We spent some time in the tower eating granola bars and looking at the view. On our descent, we decided to take a different trail... something a little more interesting. Interesting it was! Unlike our climb up, we climbed down over rocks and roots. At some points we could barely follow the trail. We had to ford streams. It was quite an adventure. We met other people along the way who had not expected the challenging hike either. We laughed and warned each other of what they would find down the trail. However, if we had not moved off the main trail we would not have experienced the flowers and wildlife and enjoyed the rush of the river.



Life is like that too, in many ways. (There is probably a sermon in there somewhere!) While hiking along, Gary and I joked about taking the road less travelled. When you stay on the main path, it might be safer, but you don't get the same excitement and you miss some of the scenery. It may be a little more challenging, though. You may get wet feet or skin your knee, but overall it is definitely worth it. (At least it was last Monday for me!)

Wednesday, May 02, 2007

Dianne's Ordination

Last Sunday afternoon Gary and I went to the ordination service of my friend Dianne. Dianne and I went through CPE (Clinical Pastoral Education) together six years ago. We became good friends and have kept in touch through the years. Dianne's journey has been an interesting one through the Episcopal Church to the United Church of Christ. She was ordained a United Church of Christ Pastor and currently works as a chaplain in a United Methodist care center. She is a fellow dog lover and I have always thought that we were kindred spirits.

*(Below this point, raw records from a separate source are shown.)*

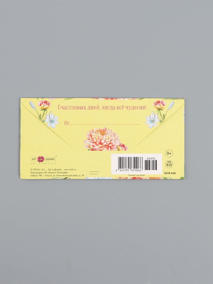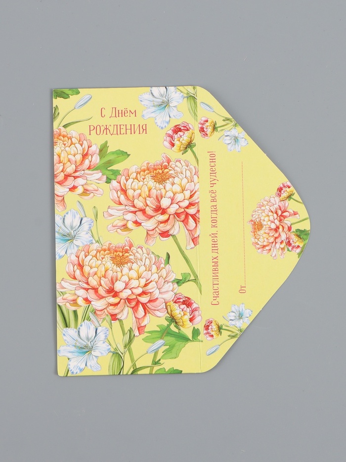 Конверт для денег «С днём рождения», цветочки на жёлтом, 16,5 х 8 см — Характеристики
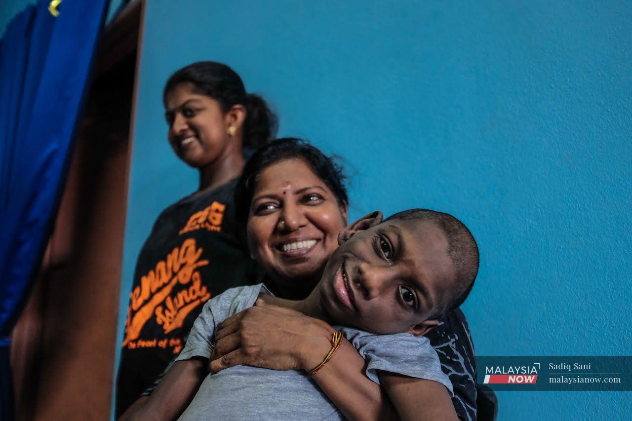 Rutin hariannya dipenuhi dengan tugasan menjaga anak-anaknya, K Thiviyan yang menghidapi cerebral palsy dan K Daarshini, OKU lembam.
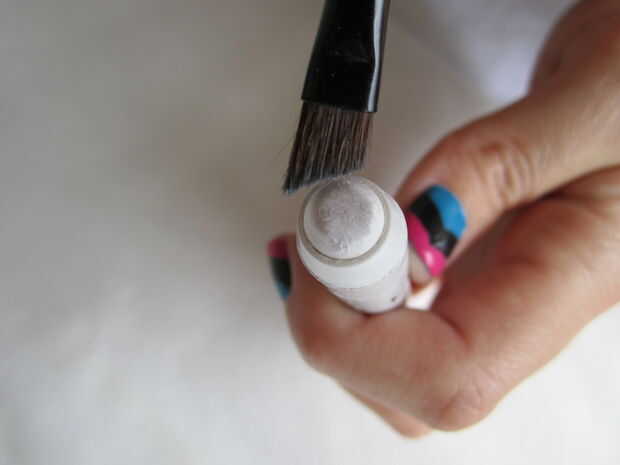 Tomar el pincel angular y aplicar algunas del delineador blanco sobre el cepillo.
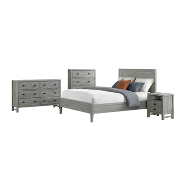 Arden 4-Piece Wood Bedroom Set with Queen Bed, 2-Drawer Nightstand, 5-Drawer Chest, 6-Drawer Dresser, Driftwood Gray
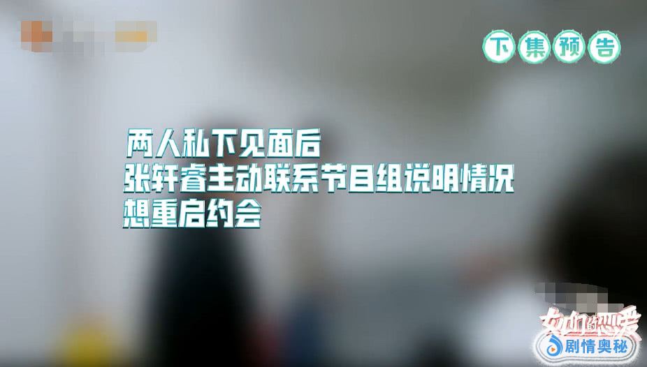 任家萱为了要让张轩睿更好过一些,这一次她选择先离开,把背影留给对方,这样看起来会更决绝一些吧。在摄像师的镜头下,任家萱一边哭一边在说着自己喜欢的这个男孩子果然没有让她失望。故事到这里你以为真的要结束了?不,事情发生了转机。还有戏!在张轩睿退出节目不到一天的时间,他主动联系节目组提出要和任家萱重启约会。张轩睿这个举动也太男人了吧,一定又是圈粉不少了。
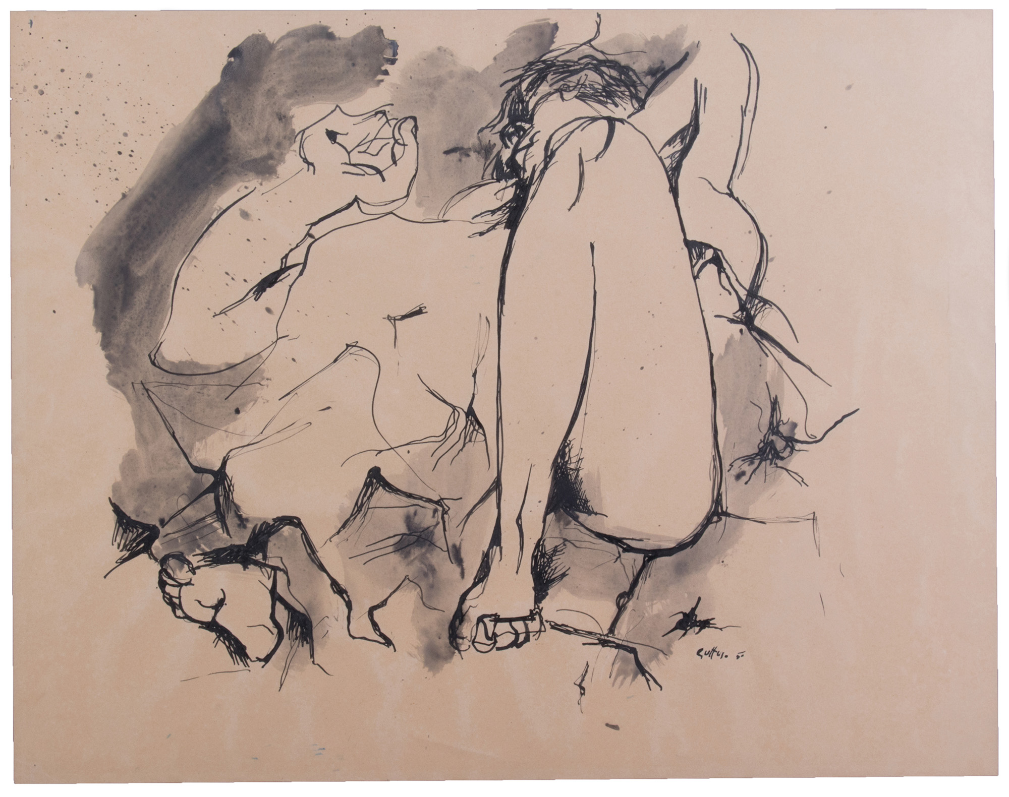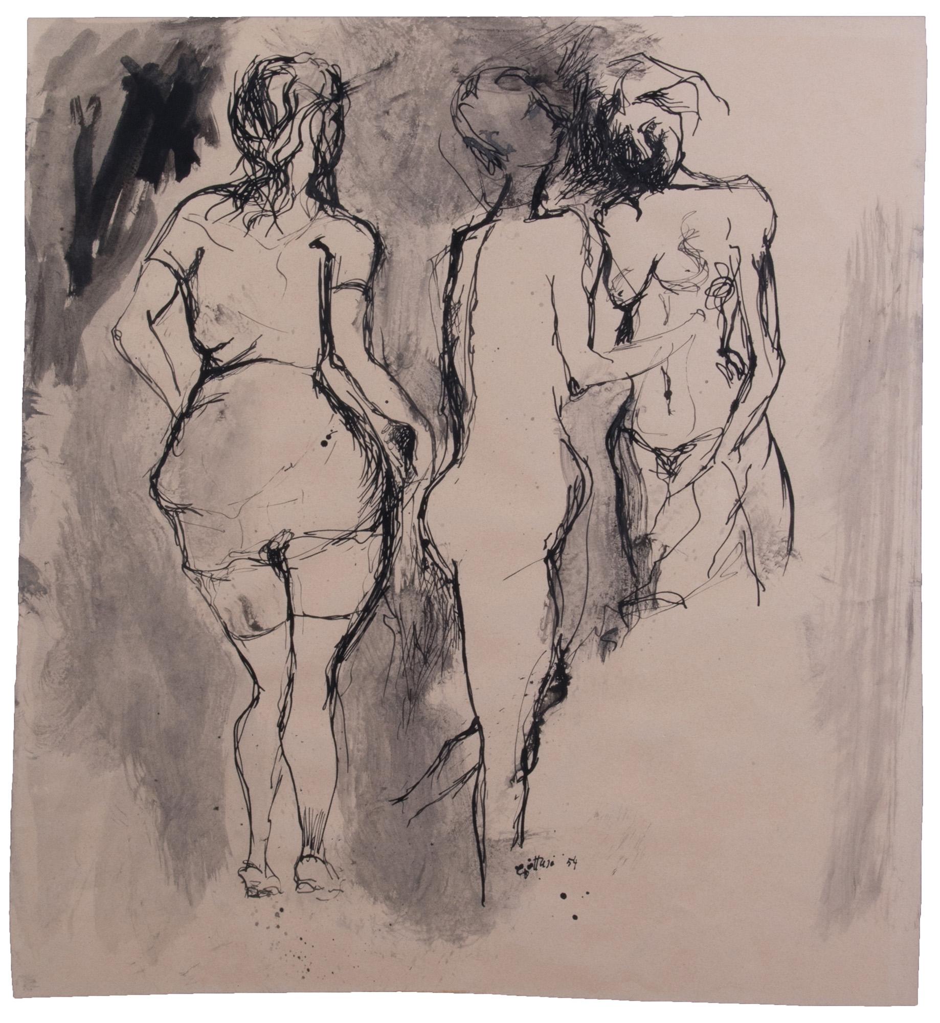 Renato Guttuso, Bagheria (Pa) 1912 - Roma 1987, Due disegni, A) Nudo disteso, 1950, china su carta, cm. 50x64. Firma e data in basso a destra: Guttuso 50;, B) Studi di nudi, 1954, china su carta, cm. 56,5x51,3. Firma e data in basso al centro: Guttuso 54.

The service (what we saw of it) was beautiful. We got lost on the way, which was the cause of much weeping and gnashing of teeth in the car. We arrived at the church just in time for the ordination itself. The most moving part of the service was the invitation for all present to lay hands on each other so we were all, in effect, laying hands on Dianne. It was an intimate and personal service ~ very different from ordination in the United Methodist Church.

My reflection on Dianne's ordination, though, has caused me to realize that I have not written much here about my own ordination coming up on June 8th. My ordination exam was back in October. You may remember that as being a very quiet time on my blog. I had fully convinced myself that I would not pass my ordination exam on my first try, so when I did pass I was completely unprepared. I wondered, am I really ready? Did the Board make a mistake? Interestingly, I believe I went through a time of shock and then grief when I learned I had passed the exam. Grief may be a strange reaction to accomplishing something I had worked so hard to achieve.... yet what I went through felt very much like grief. Grief over ending my 'time of preparation,' my novitiate, so to speak. Now it is time to take on authority (my authority? the church's authority? God's authority?) and live into it.

Several months have passed since then and now I do feel that the Board made the right decision and that I am ready. Ready for what? I'm not quite sure. But with God's strength and the support of the body of Christ, I will face whatever comes. While ordination in the United Methodist Church does not allow for the collective laying on of hands, as Dianne experienced in her ordination, I know I will feel the touch of all the hands that have reached out to me in love, support and encouragement through the years as I kneel at the altar. It is only through the touch of all those hands that I will make it to that altar in the first place. Thanks be to God!